- Born: Gustav Szabo
- Occupation(s): artist and designer

= Szabotage =

British artist and interior designer

Szabotage is a British artist and interior designer.

==Early life==
Szabotage is from Hove in East Sussex and his original name is Gustav Szabo. He received university education in architecture before becoming a professional artist.

==Career==
After producing street art in London, in 2013 the artist moved to Hong Kong and began producing graffiti pieces both publicly and privately. In 2014 he was named a finalist in the city’s Secret Walls street art competition. His work is found in Hong Kong neighbourhoods including Sai Ying Pun, Big Wave Bay, and Yuen Long. Szabotage has also produced metal sculptures in the city.

The artist held his first exhibition in the city in 2014. He held his fourth solo exhibition in Hong Kong entitled Gone Fishing, featuring a series of paintings including a "koi" theme. The koi image used is the same that Szabotage has painted around the city as a part of his works.

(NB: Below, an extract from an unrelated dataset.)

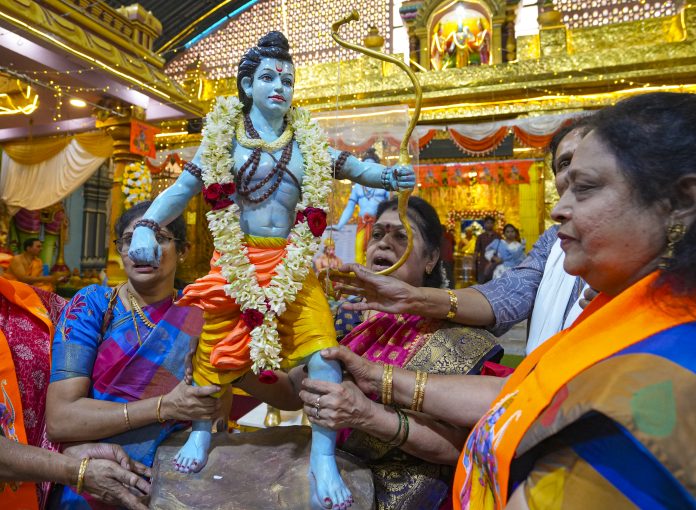 Bengaluru: Devotees carry an idol of Lord Ram during the �Ram Navami� festival, in Bengaluru, Thursday, March 26, 2026. (PTI Photo/Shailendra Bhojak) (PTI03_26_2026_000210B)

The show exhibited about thirty different installations, and was held at California Tower’s Loft 22. He has also held solo exhibitions in London. Szabotage has also produced public work in Thailand and the UK.

He has continued to work as an interior designer in London and Hong Kong while working as an artist. He worked with Virgin Atlantic and Yoo in London and Hong Kong, associate designer director at Steve Leung and a Director of OSE & R & D for the Sands Hotel Group in Hong Kong. He is now a full-time artist based in Hong Kong.